The Gemini AI platform highlights Alphabet’s ambition to lead in generative AI. YouTube’s integration of shopping and streaming services expands monetization opportunities. 

Finally, the company invests in “Other Bets” such as Waymo for autonomous driving and Verily for life sciences, which could eventually yield transformational upside.

Risks

Despite its strengths, Alphabet faces notable risks. Regulatory scrutiny remains intense, with antitrust cases in the U.S. and abroad challenging its dominance in search and advertising. 

Competition in cloud services is fierce, and rivals like Microsoft are aggressively integrating AI into their offerings. 

Rising costs to develop and deploy large AI models also pressure margins. 

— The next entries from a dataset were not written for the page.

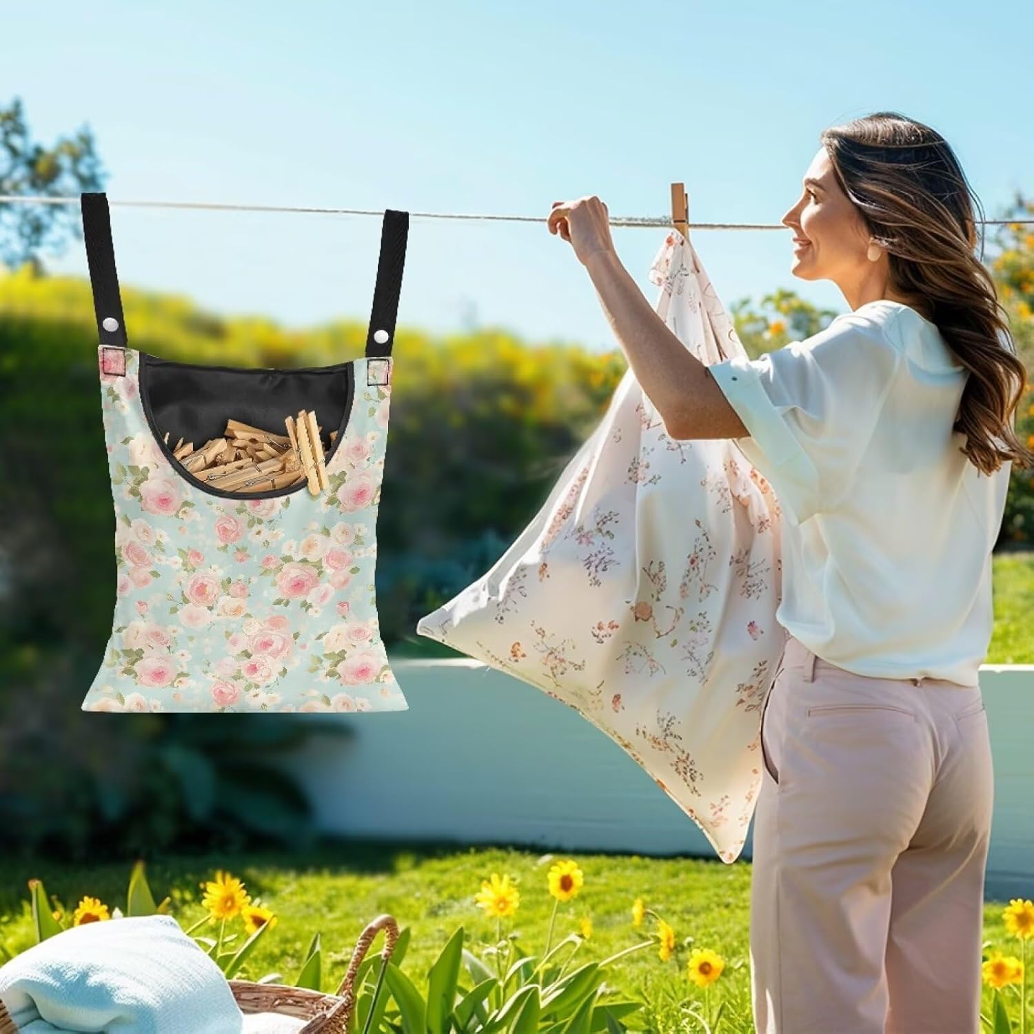 Clothes Pin Hanging Bag, Large Capacity Clothespin Bag Clothes Pin Hanging Bag Space-Saving Organize Clothespin Bag for Outdoor - Rose Pink Pattern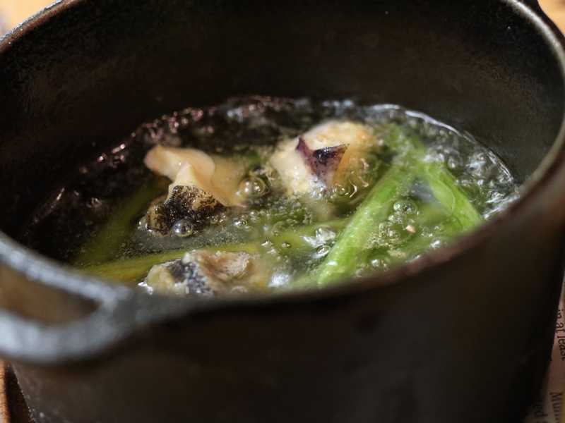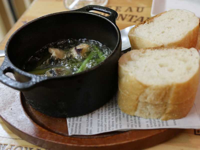 アヒージョは「ツブ貝(税別599円)」。バゲットも付いてきます。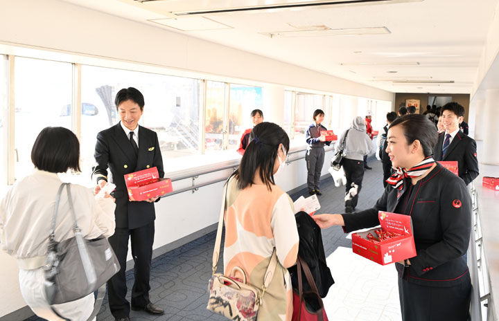 羽田空港で那覇行きJL909便の乗客にバレンタインデーのチョコレートをプレゼントするJALの客室乗務員ら=24年2月14日 PHOTO: Tadayuki YOSHIKAWA/Aviation Wire
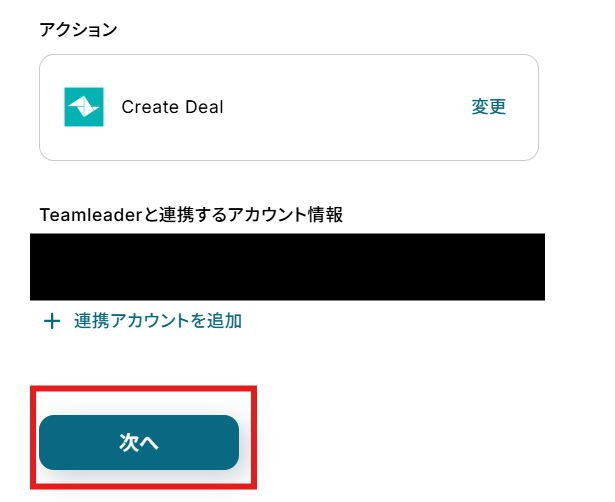 「Teamleaderと連携するアカウント情報」を確認し、「次へ」をクリックして進んでください。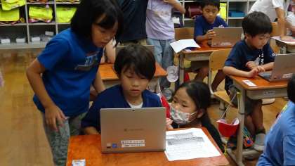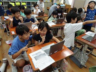 教えるのはちょっとドキドキ…の2年生でしたが、優しくボタンの場所を伝えたり、お手本を見せてあげたり、一生懸命伝えていました。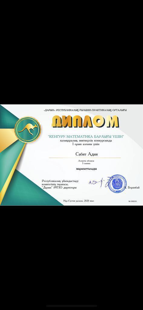 18 мамыр 2020 0 1 2 3 4 5 "КЕНГУРУ - МАТЕМАТИКА БАРЛЫҒЫ ҮШІН" халықаралық зияткерлік конкурсының жүлдегерлері Осы беттің QR-коды:QR-код этой страницы: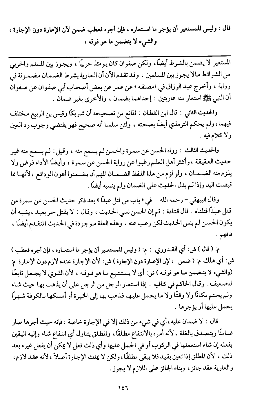 ـــــــــــــــــــــــــــــQالمستعير لا يضمن بالشرط أيضًا، ولكن صفوان كان يومئذ حربيًا، ويجوز بين المسلم والحربي من الشرائط ما لا يجوز بين المسلمين، وقد تقدم الآن أن العارية بشرط الضمان مضمونة في رواية، وأخرج عبد الرزاق في " مصنفه " عن عمر عن بعض أصحاب أبي صفوان «عن صفوان أن النبي - صَلَّى اللَّهُ عَلَيْهِ وَسَلَّمَ - استعار منه عاريتين: إحداهما بضمان، والأخرى بغير ضمان» .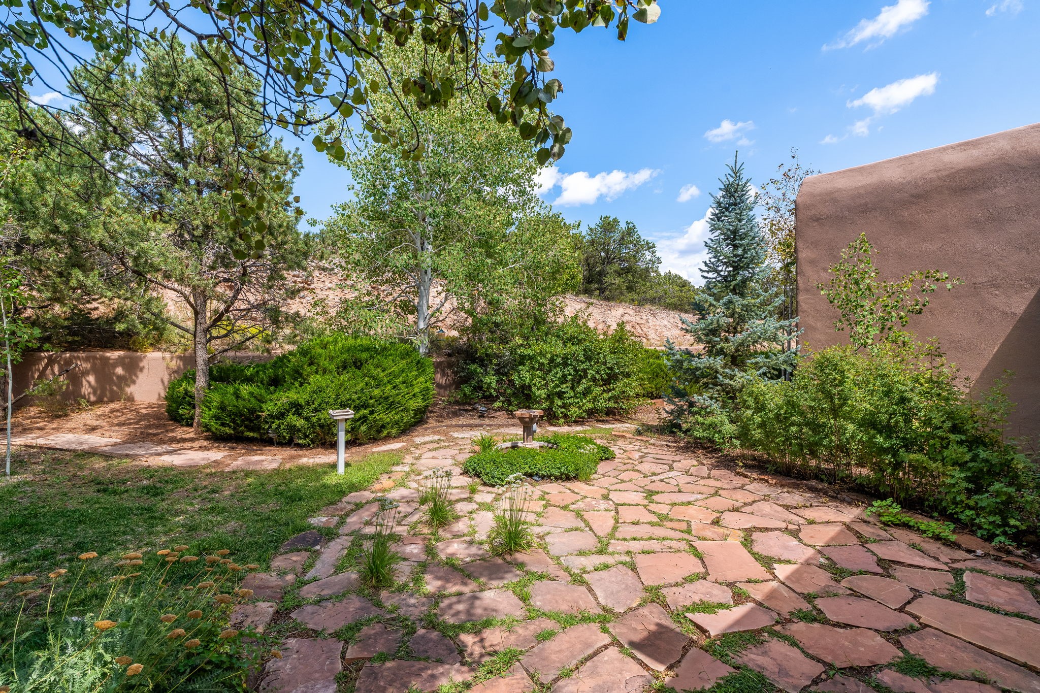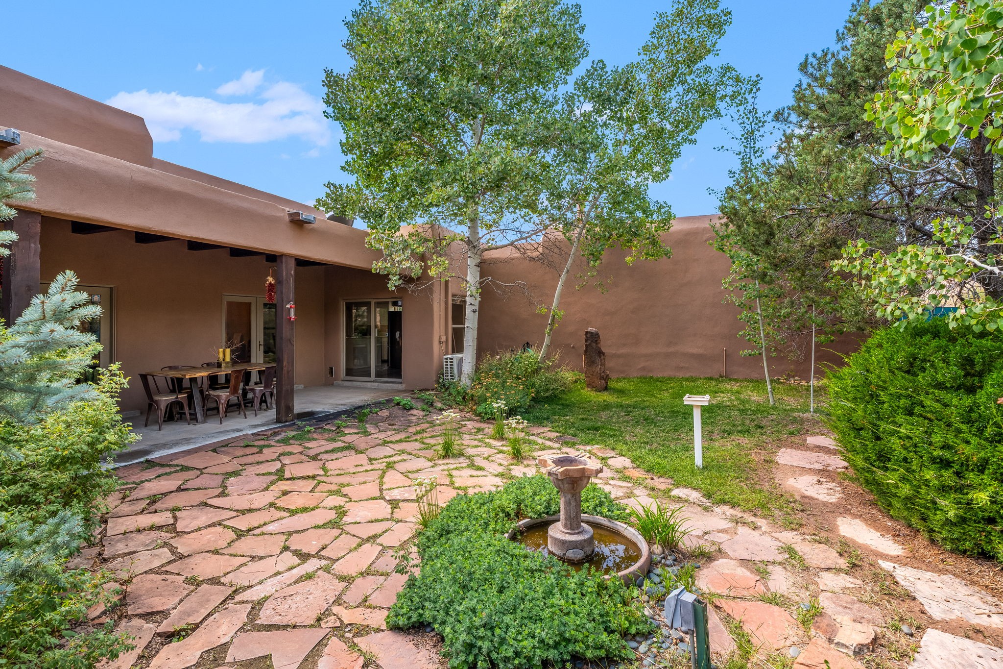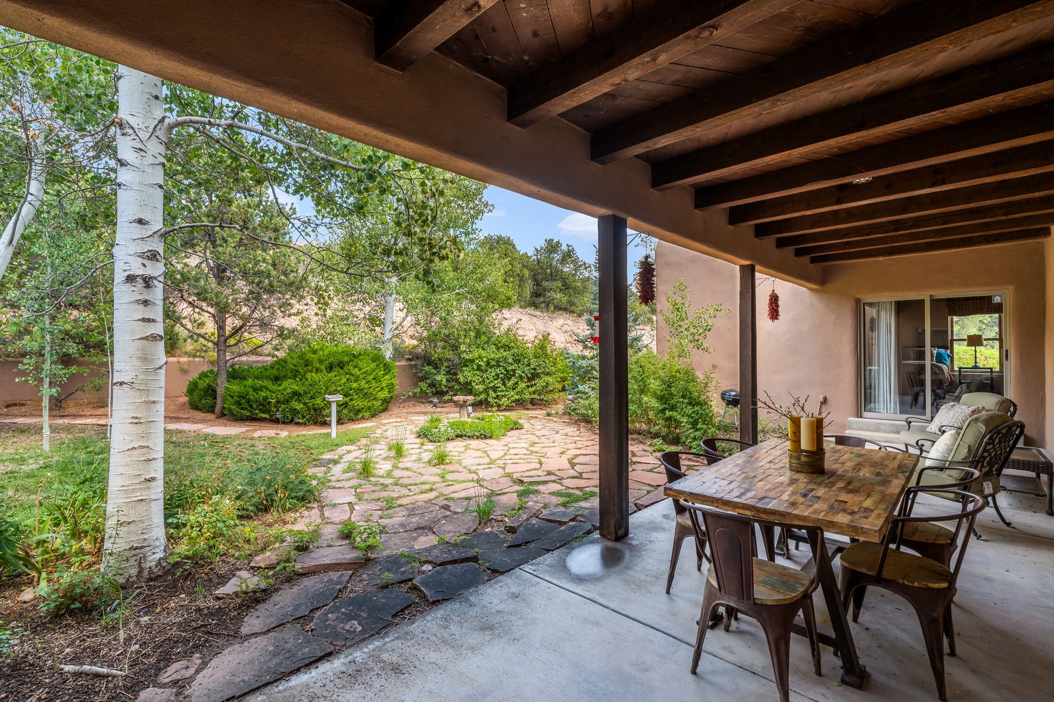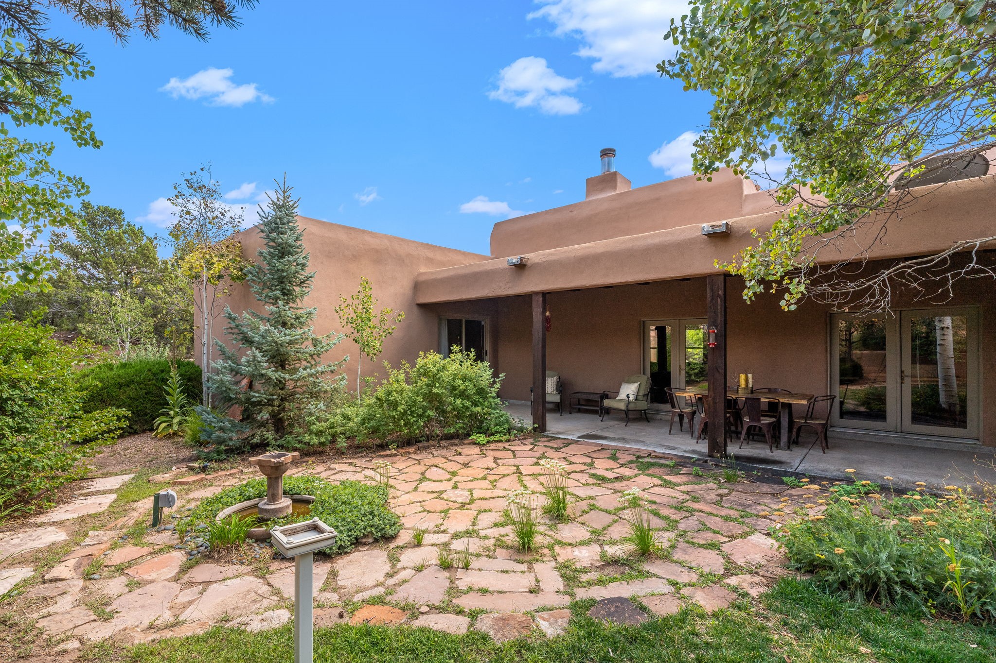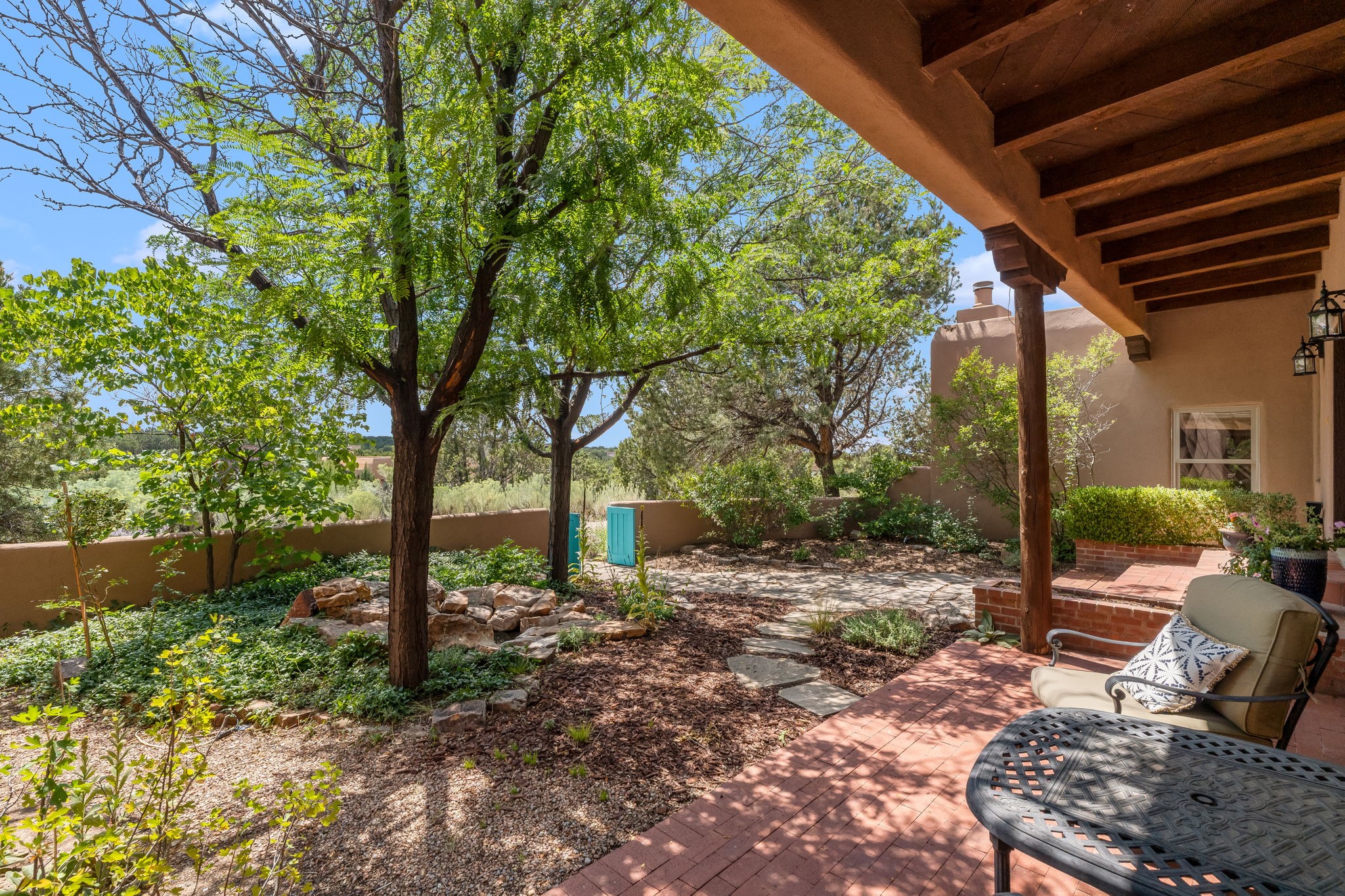 Experience timeless Southwest style in this exceptional La Mariposa home. Natural light highlights beamed ceilings, Saltillo tile, custom wood doors and hand-plastered walls. The spacious living room with a wood-burning fireplace flows seamlessly to multiple outdoor patios--perfect for entertaining or relaxing. The kitchen offers generous storage and a large walk-in pantry. A luxurious primary suite features a spa-like bath with dual sinks, soaking tub, and glass shower. A guest suite with en suite bath, plus an office with fireplace offers flexible living. Just 15 minutes to downtown Santa Fe's shopping, dining, and cultural attractions.

Moreover, the advertising business is tied to broader economic cycles, making it vulnerable to slowdowns in spending.

Conclusion

Alphabet’s combination of dominant core businesses, rapid progress in AI, and a growing cloud division makes it a compelling stock for LEAPS investors. 

While regulatory hurdles and fierce competition will remain ongoing challenges, its strong balance sheet and history of innovation provide confidence that it can adapt and continue compounding over the long term. 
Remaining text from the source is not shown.